Start of Data provided
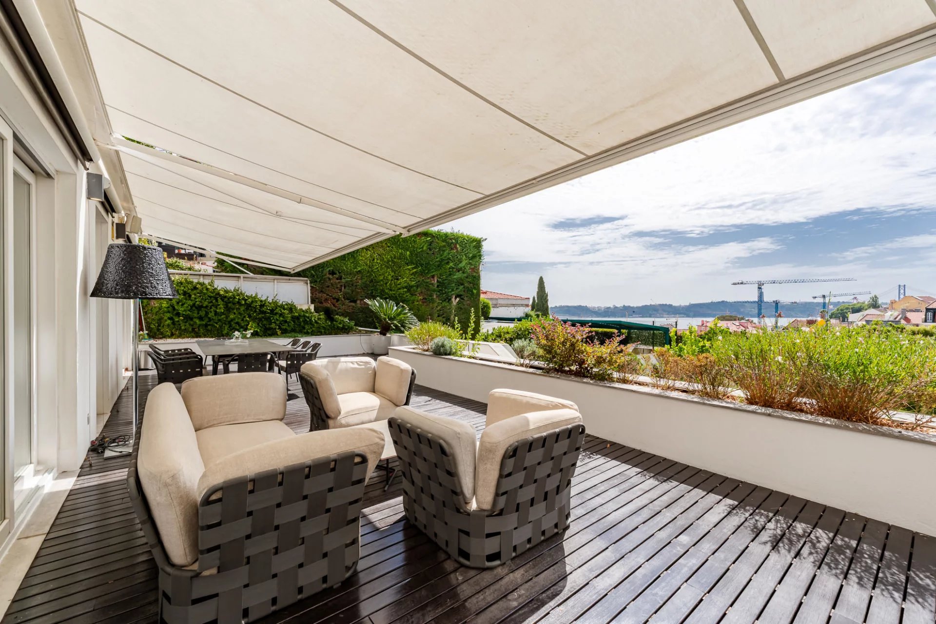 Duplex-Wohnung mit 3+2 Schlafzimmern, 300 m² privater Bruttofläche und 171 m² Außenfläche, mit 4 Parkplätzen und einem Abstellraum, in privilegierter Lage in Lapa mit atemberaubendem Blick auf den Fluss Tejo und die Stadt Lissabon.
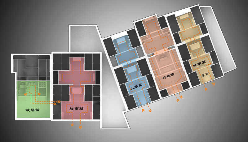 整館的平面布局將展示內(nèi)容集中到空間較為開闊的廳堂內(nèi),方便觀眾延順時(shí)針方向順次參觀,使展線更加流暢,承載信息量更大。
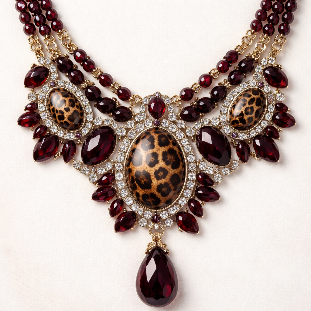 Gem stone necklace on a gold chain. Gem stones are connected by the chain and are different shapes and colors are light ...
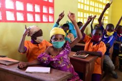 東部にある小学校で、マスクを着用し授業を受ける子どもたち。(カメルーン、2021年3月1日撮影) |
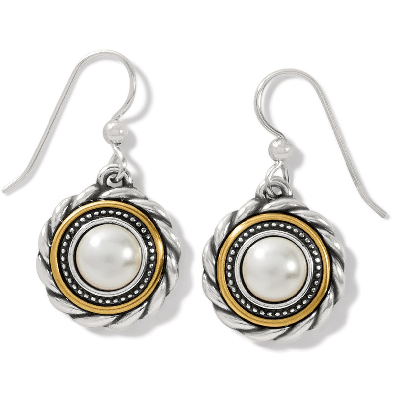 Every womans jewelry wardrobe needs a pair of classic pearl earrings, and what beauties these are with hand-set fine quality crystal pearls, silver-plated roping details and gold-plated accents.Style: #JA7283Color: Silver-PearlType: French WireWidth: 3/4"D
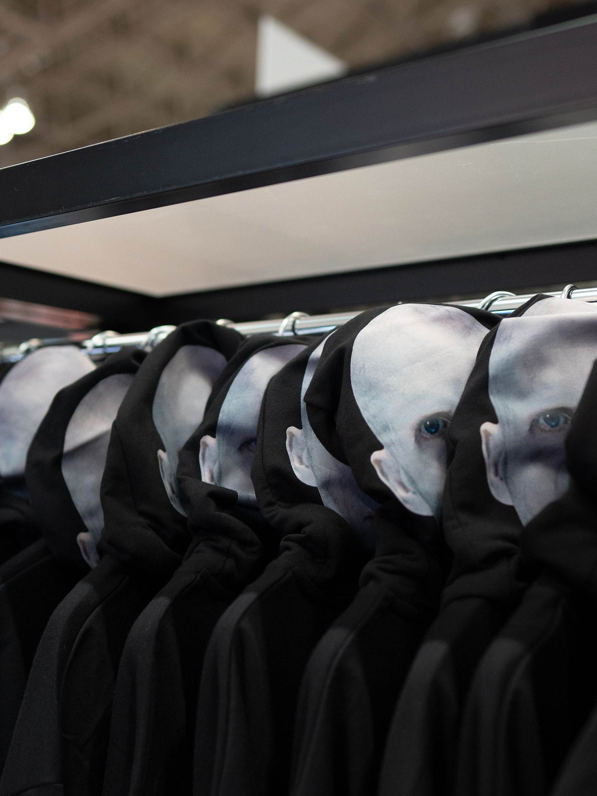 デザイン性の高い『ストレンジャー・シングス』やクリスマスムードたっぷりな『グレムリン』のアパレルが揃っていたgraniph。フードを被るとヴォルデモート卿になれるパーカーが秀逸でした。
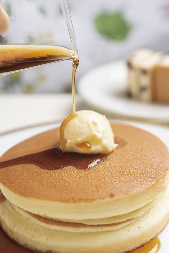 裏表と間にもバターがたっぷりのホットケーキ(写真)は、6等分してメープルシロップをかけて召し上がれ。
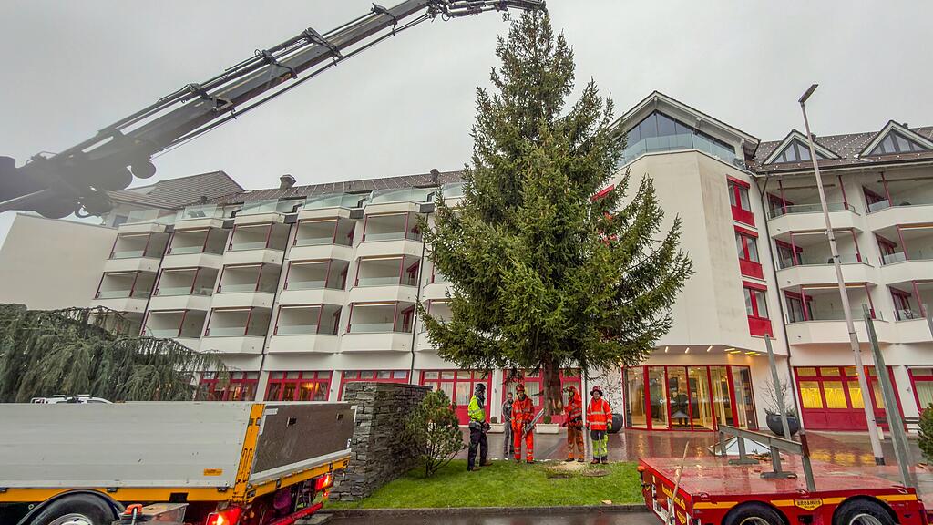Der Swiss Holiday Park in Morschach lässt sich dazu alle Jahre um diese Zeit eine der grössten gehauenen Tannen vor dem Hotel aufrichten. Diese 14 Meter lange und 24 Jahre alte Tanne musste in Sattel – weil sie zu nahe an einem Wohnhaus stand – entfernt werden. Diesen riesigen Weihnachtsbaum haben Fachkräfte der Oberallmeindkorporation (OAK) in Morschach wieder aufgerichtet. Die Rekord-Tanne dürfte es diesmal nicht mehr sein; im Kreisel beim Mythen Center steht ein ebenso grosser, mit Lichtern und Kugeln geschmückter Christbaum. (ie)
End of Data provided
**Assignment**
Would you please repeat the entries above verbatim, excluding each picture?

**Written response**
 Duplex-Wohnung mit 3+2 Schlafzimmern, 300 m² privater Bruttofläche und 171 m² Außenfläche, mit 4 Parkplätzen und einem Abstellraum, in privilegierter Lage in Lapa mit atemberaubendem Blick auf den Fluss Tejo und die Stadt Lissabon.
 整館的平面布局將展示內(nèi)容集中到空間較為開闊的廳堂內(nèi),方便觀眾延順時(shí)針方向順次參觀,使展線更加流暢,承載信息量更大。
 Gem stone necklace on a gold chain. Gem stones are connected by the chain and are different shapes and colors are light ...
 東部にある小学校で、マスクを着用し授業を受ける子どもたち。(カメルーン、2021年3月1日撮影) |
 Every womans jewelry wardrobe needs a pair of classic pearl earrings, and what beauties these are with hand-set fine quality crystal pearls, silver-plated roping details and gold-plated accents.Style: #JA7283Color: Silver-PearlType: French WireWidth: 3/4"D
 デザイン性の高い『ストレンジャー・シングス』やクリスマスムードたっぷりな『グレムリン』のアパレルが揃っていたgraniph。フードを被るとヴォルデモート卿になれるパーカーが秀逸でした。
 裏表と間にもバターがたっぷりのホットケーキ(写真)は、6等分してメープルシロップをかけて召し上がれ。
Der Swiss Holiday Park in Morschach lässt sich dazu alle Jahre um diese Zeit eine der grössten gehauenen Tannen vor dem Hotel aufrichten. Diese 14 Meter lange und 24 Jahre alte Tanne musste in Sattel – weil sie zu nahe an einem Wohnhaus stand – entfernt werden. Diesen riesigen Weihnachtsbaum haben Fachkräfte der Oberallmeindkorporation (OAK) in Morschach wieder aufgerichtet. Die Rekord-Tanne dürfte es diesmal nicht mehr sein; im Kreisel beim Mythen Center steht ein ebenso grosser, mit Lichtern und Kugeln geschmückter Christbaum. (ie)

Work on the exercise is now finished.